- **Work order**
Starting at the line holding "Henry H. Kaaihue" and finishing at the line holding "Los nervios ciáticos", transcribe the material exactly, keeping both ends but no pictures.

- **Information provided**

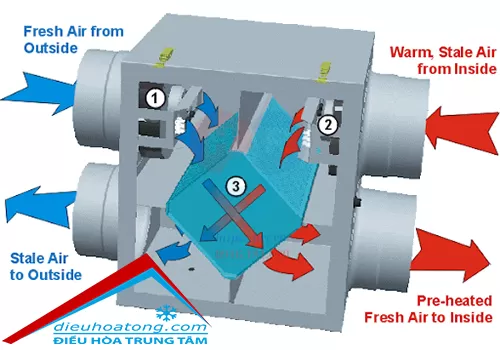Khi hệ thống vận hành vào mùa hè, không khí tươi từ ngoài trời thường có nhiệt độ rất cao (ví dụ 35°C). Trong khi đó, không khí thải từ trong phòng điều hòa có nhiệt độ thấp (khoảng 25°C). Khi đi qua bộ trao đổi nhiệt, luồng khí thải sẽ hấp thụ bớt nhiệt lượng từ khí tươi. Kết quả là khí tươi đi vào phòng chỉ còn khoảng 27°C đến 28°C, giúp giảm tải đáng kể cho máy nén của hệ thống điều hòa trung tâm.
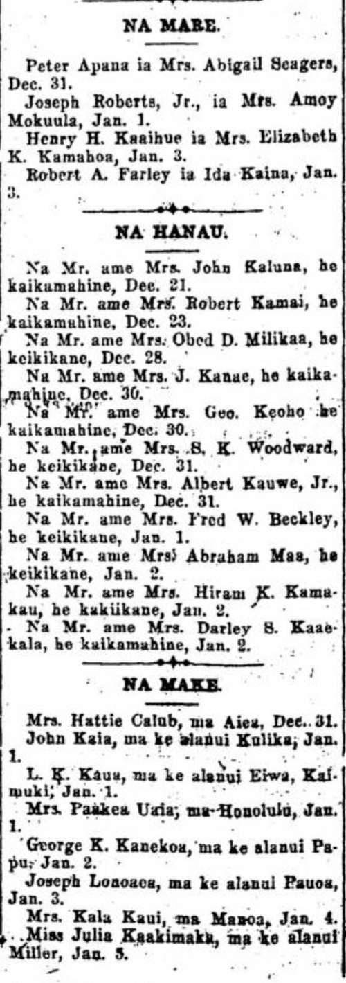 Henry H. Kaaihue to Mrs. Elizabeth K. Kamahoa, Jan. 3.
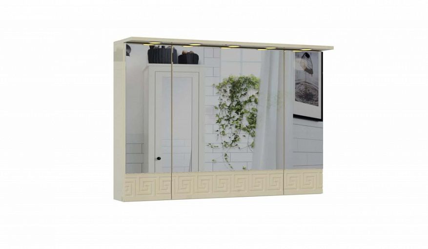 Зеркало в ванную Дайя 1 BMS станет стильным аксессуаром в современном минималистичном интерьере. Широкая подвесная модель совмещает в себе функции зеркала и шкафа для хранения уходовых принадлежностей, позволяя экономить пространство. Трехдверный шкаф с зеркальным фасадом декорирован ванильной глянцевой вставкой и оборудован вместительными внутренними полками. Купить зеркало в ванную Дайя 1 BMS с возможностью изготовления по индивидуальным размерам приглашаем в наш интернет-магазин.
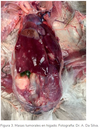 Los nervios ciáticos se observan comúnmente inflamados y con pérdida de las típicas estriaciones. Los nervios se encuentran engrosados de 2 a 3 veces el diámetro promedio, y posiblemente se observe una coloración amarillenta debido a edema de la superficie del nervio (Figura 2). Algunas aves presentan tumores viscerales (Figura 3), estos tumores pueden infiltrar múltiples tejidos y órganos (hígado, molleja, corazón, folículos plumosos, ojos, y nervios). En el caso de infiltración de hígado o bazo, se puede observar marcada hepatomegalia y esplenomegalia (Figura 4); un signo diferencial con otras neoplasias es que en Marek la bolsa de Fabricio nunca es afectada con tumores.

---

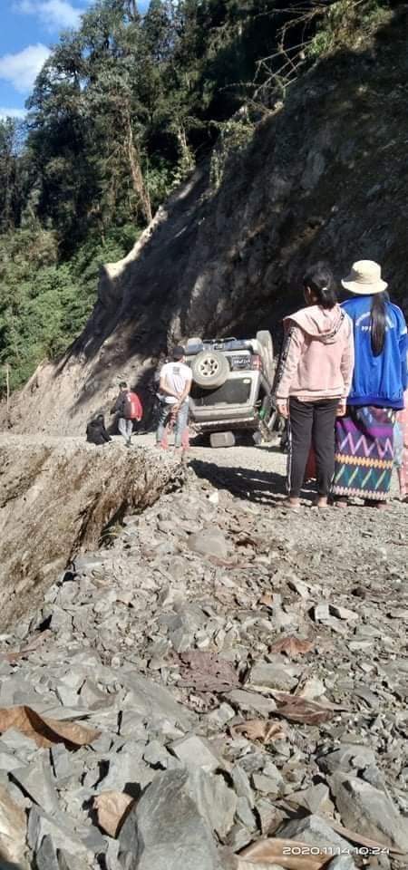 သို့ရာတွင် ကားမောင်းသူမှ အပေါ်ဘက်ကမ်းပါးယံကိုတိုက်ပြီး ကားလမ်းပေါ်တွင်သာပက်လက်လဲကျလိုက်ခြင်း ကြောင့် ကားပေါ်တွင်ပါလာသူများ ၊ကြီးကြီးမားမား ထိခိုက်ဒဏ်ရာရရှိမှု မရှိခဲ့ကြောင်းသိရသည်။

- **Output**
 Henry H. Kaaihue to Mrs. Elizabeth K. Kamahoa, Jan. 3.
 Зеркало в ванную Дайя 1 BMS станет стильным аксессуаром в современном минималистичном интерьере. Широкая подвесная модель совмещает в себе функции зеркала и шкафа для хранения уходовых принадлежностей, позволяя экономить пространство. Трехдверный шкаф с зеркальным фасадом декорирован ванильной глянцевой вставкой и оборудован вместительными внутренними полками. Купить зеркало в ванную Дайя 1 BMS с возможностью изготовления по индивидуальным размерам приглашаем в наш интернет-магазин.
 Los nervios ciáticos se observan comúnmente inflamados y con pérdida de las típicas estriaciones. Los nervios se encuentran engrosados de 2 a 3 veces el diámetro promedio, y posiblemente se observe una coloración amarillenta debido a edema de la superficie del nervio (Figura 2). Algunas aves presentan tumores viscerales (Figura 3), estos tumores pueden infiltrar múltiples tejidos y órganos (hígado, molleja, corazón, folículos plumosos, ojos, y nervios). En el caso de infiltración de hígado o bazo, se puede observar marcada hepatomegalia y esplenomegalia (Figura 4); un signo diferencial con otras neoplasias es que en Marek la bolsa de Fabricio nunca es afectada con tumores.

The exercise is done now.